As a simplified statement, an A-B or A-B-C Trust is designed, in part, to maximize the total amount of the estate that will ultimately pass to the intended beneficiaries, by minimizing the impact of estate taxes, and secondly to protect the wishes of both spouses as it relates to the ultimate beneficiaries, regardless of which spouse dies first.

When the first spouse dies when this type of trust is in place, then the decedents share (usually one-half) of the trust estate may still be available for the needs of the surviving spouse, but only within certain specific limits and purposes.  Beyond that the decedents share (TRUST B)  is irrevocable in terms of the ability to change any of its terms.  The survivors share is still amendable and revocable by the surviving spouse.

If the surviving spouse does not undertake the administrative A-B Division after the first death, then for all intents and purposes, the entire trust will be rendered irrevocable.  The reason being, if you haven’t divided the trust assets (allocating specific assets to trust A and Trust B, respectively, then there is no way to know to which set of assets a surviving spouse amendment would apply.
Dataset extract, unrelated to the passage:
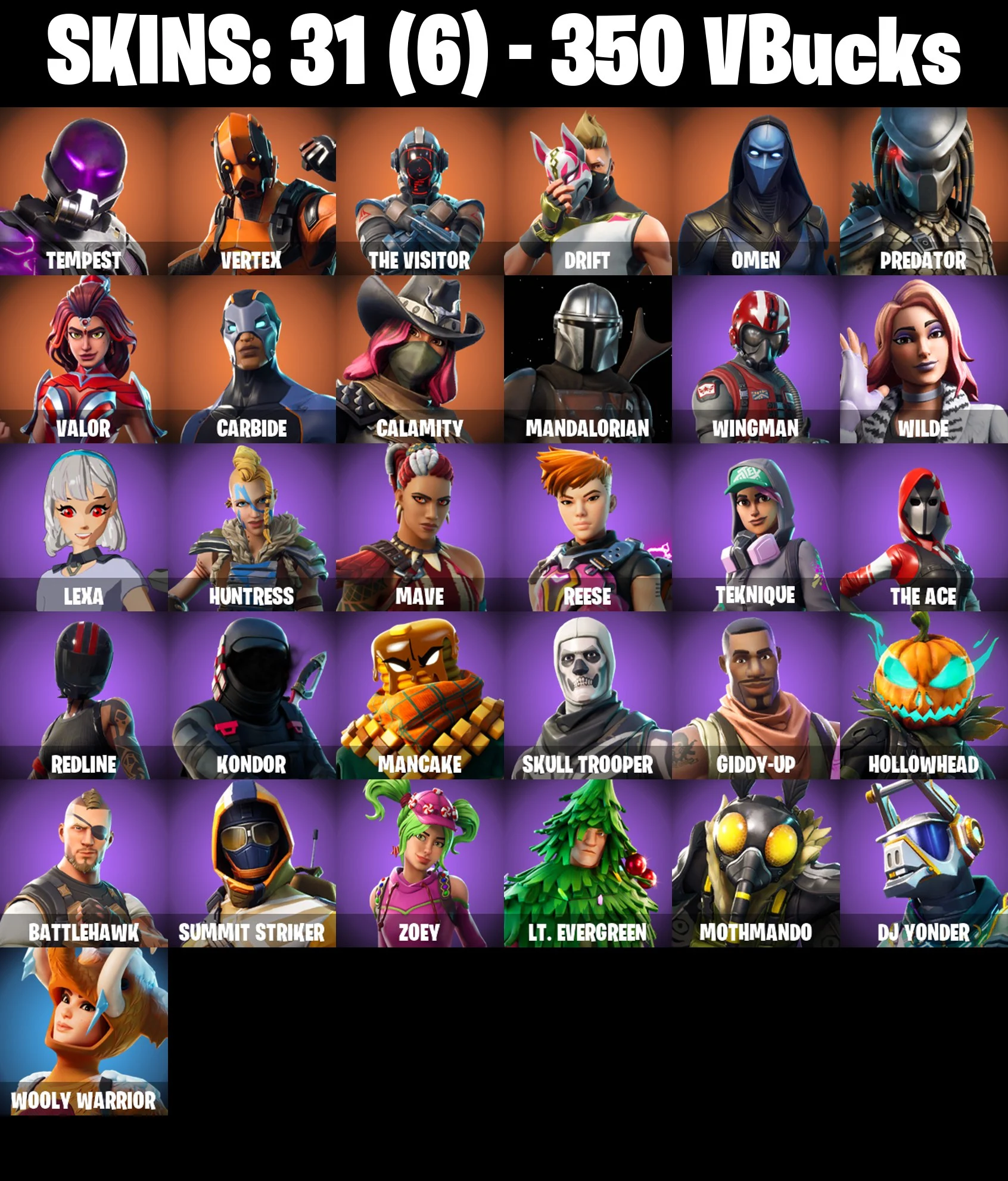 🎆31 SKINS ⚡️PC/PSN⚡️ TEMPEST 👑 VERTEX 👑 THE VISITOR 👑 DRIFT 👑 OMEN 👑 PREDATOR 👑 VALOR 👑 CARBIDE 👑 CALAMITY 👑 MANDALORIAN 👑 WINGMAN 👑 WILDE ⚡️ 350 VB #M652

There is no statutory deadline on how long you have to complete the division, but it should be done within 6 to 9 months after the first death.   The longer you wait, the harder it is to create an accurate snapshot of the estate at the first death and some form of detailed forensic accounting may be required to analyze how assets were used, invested and spent since the date of the first death. Also if the surviving spouse received actual benefit in excess of the specified limits associated with the B Trust, then there may be other problems to overcome and you may lose some of your otherwise available tax benefits.

If you happen to come across a situation where a spouse has died and the trust is an A-Marital or disclaimer style, then there is a hard limit of 9 months for the surviving spouse to decide whether to exercise a qualified disclaimer, if warranted for tax reasons, to create and fund the Decedents B Trust.  An A-Marital Trust, aka Disclaimer Trust is a marital trust whereby at the death of the first spouse, the entire decedent’s share will pass entirely in trust to the surviving spouse, (effectively all trust assets being part of the Survivors A-Trust), UNLESS, the surviving spouse shall disclaim, in writing any or all of the decedents share of trust assets.  Then upon disclaimer, the surviving spouse would establish and fund the credit shelter, or “B” Trust.
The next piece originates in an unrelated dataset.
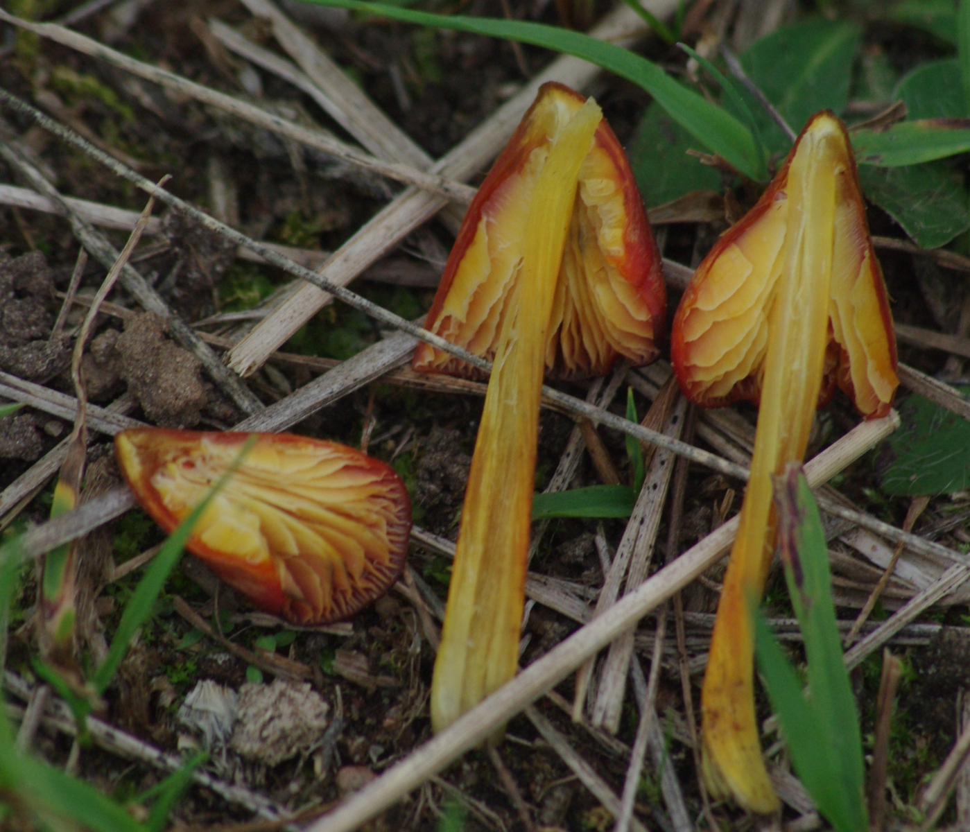 Gelb, orange, rot. Deutlich schwärzend, alter Pilz komplett schwarz. Oberfläche nicht feucht, nicht schleimig. Geschmack mild, Geruch unspezifisch, schwach. Bis 5 cm hoch. Bilder vom 14. und 17. 9. - Datum im Dateinamen.

The new Estate and Gift Tax law passed at the end of 2010, created a new dynamic related to the A-Marital/ Disclaimer type trust.  Under the new law, if one spouse dies after 2010, then to the extent that the deceased spouse does not use his or her newly updated $5 million (in effect for 2011 and 2012), then the remainder of the decedent’s exemption can be added to the surviving spouses exemption (even if the trust is not formally divided into an A and B Trust).  This new feature is known as “Portability”.   In order to “claim” the portability of the deceased spouses unused exemption, the surviving spouse would have to file an estate tax return and portability election for the deceased spouse.  Of course we don’t know if this provision will be maintained in the law beyond 2012.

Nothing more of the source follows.